Ethiopia: Study Shows Ancient DNA from Eurasia

The genome of a 4,500 year old Ethiopian man known as 'Mota Man' has been mapped for the first time. (Photo: Google Images)

The genome of a 4,500 year old Ethiopian man known as ‘Mota Man’ has been mapped for the first time.
(Photo: Google Images)

Rebecca Morrelle of BBC Africa is reporting 3,000 years ago there was a huge wave of migration from Eurasia into Africa. In a study published in the journal Science, researchers extracted DNA from a 4,500-year-old skull that was discovered in the highlands of Ethiopia.  A comparison with genetic material from today’s Africans revealed how ancient ancestors mixed and moved around the continents, leading scientists to believe 25 percent of the modern DNA of Africans can be traced back to this migration.

Morrelle reports:

“‘Every single population for which we have data in Africa has a sizable component of Eurasian ancestry,’ said Dr Andrea Manica, from the University of Cambridge, who carried out the research.

Ancient genomes have been sequenced from around the world, but Africa has proved difficult because hot and humid conditions can destroy fragile DNA.

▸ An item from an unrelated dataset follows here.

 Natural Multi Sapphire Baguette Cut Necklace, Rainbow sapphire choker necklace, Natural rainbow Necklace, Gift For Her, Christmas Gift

However, the 4,500-year-old remains of this hunter gatherer, known as Mota man, were found in a cave and were well preserved.

Importantly, a bone that is situated just below the ear, called the petrous, was intact.

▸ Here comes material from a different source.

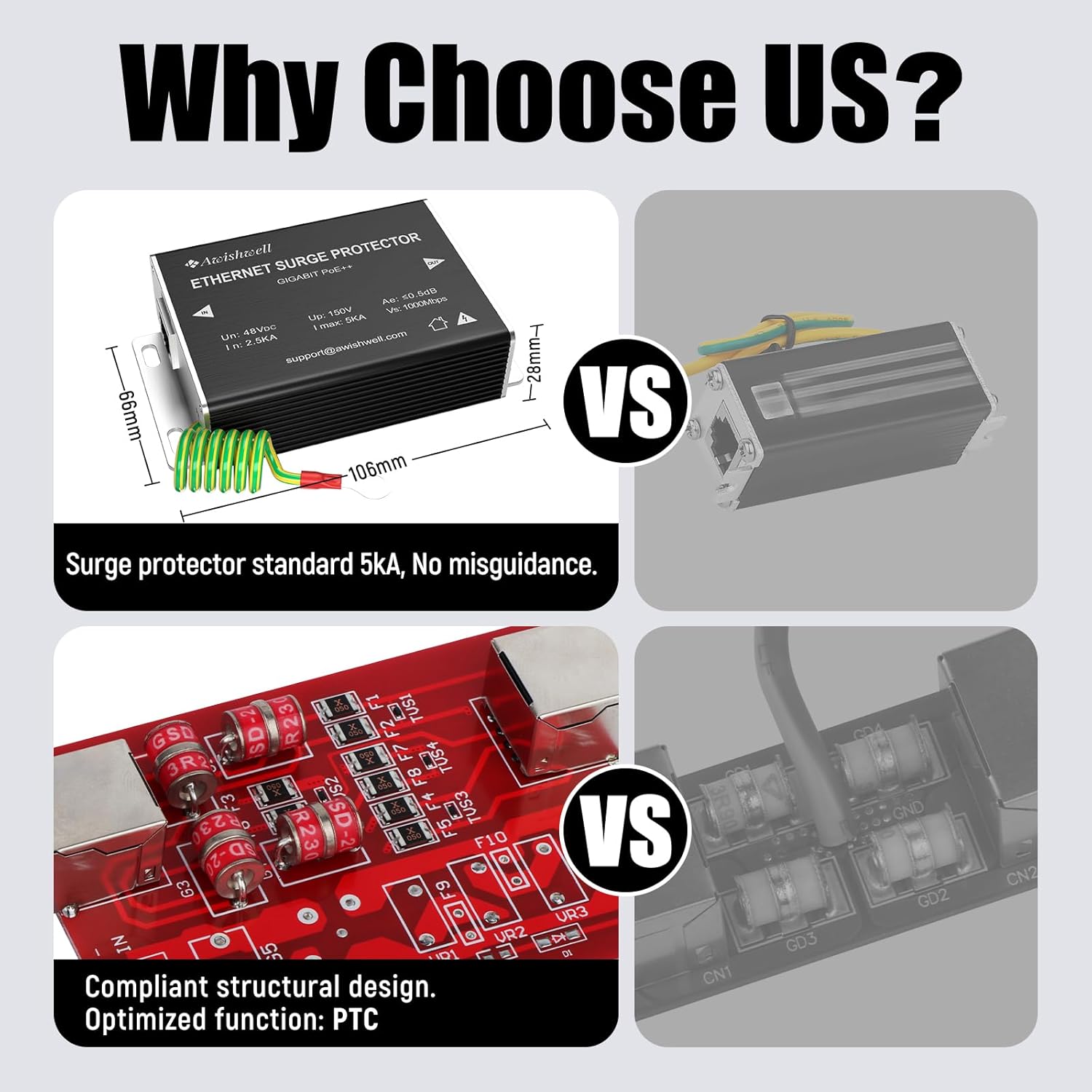 - 【Surge Protection】:Ethernet surge protector is designed to protect equipment against transients from lightning, ESD, and ground surges. Awishwell surge protector supports speeds up to 1 Gigabit -1000 Mbps, and provides PoE++ 802.3af/at/bt compatibility with 3KV surge protection, without affecting network performance. Peak surge current protection up to standard 5KA 8/20μs

Dr Manica, speaking to Science in Action on the BBC World Service, said: ‘The petrous bone is really hard and does a really good job of preventing bacteria getting in and degrading this DNA.’

‘What we were able to get is some very high quality undamaged DNA from which we could reconstruct the whole genome of the individual.’

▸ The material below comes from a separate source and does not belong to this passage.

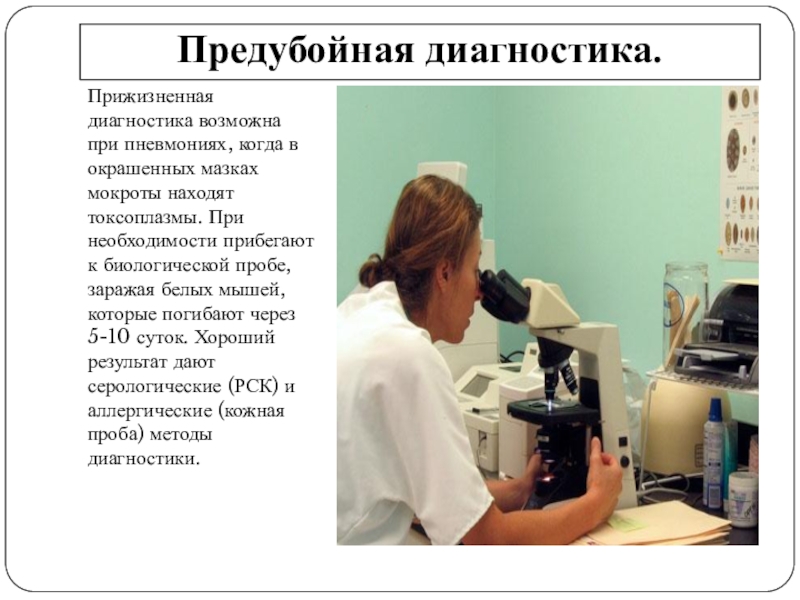 находят токсоплазмы. При необходимости прибегают к биологической пробе, заражая белых мышей, которые погибают через 5-10 суток. Хороший результат дают серологические (РСК) и аллергические (кожная проба) методы диагностики.

‘We have the complete blueprint, every single gene, every single bit of information that made this individual that lived 4,500 years ago in Ethiopia.'”

The ‘Mota Man’ had pure African DNA and his ancestors never left the continent. Approximately 1500 years after his death, the genetic make-up of his ancestors changed and they believe it’s due to the Eurasian migration, after which some Africans who left, later returned.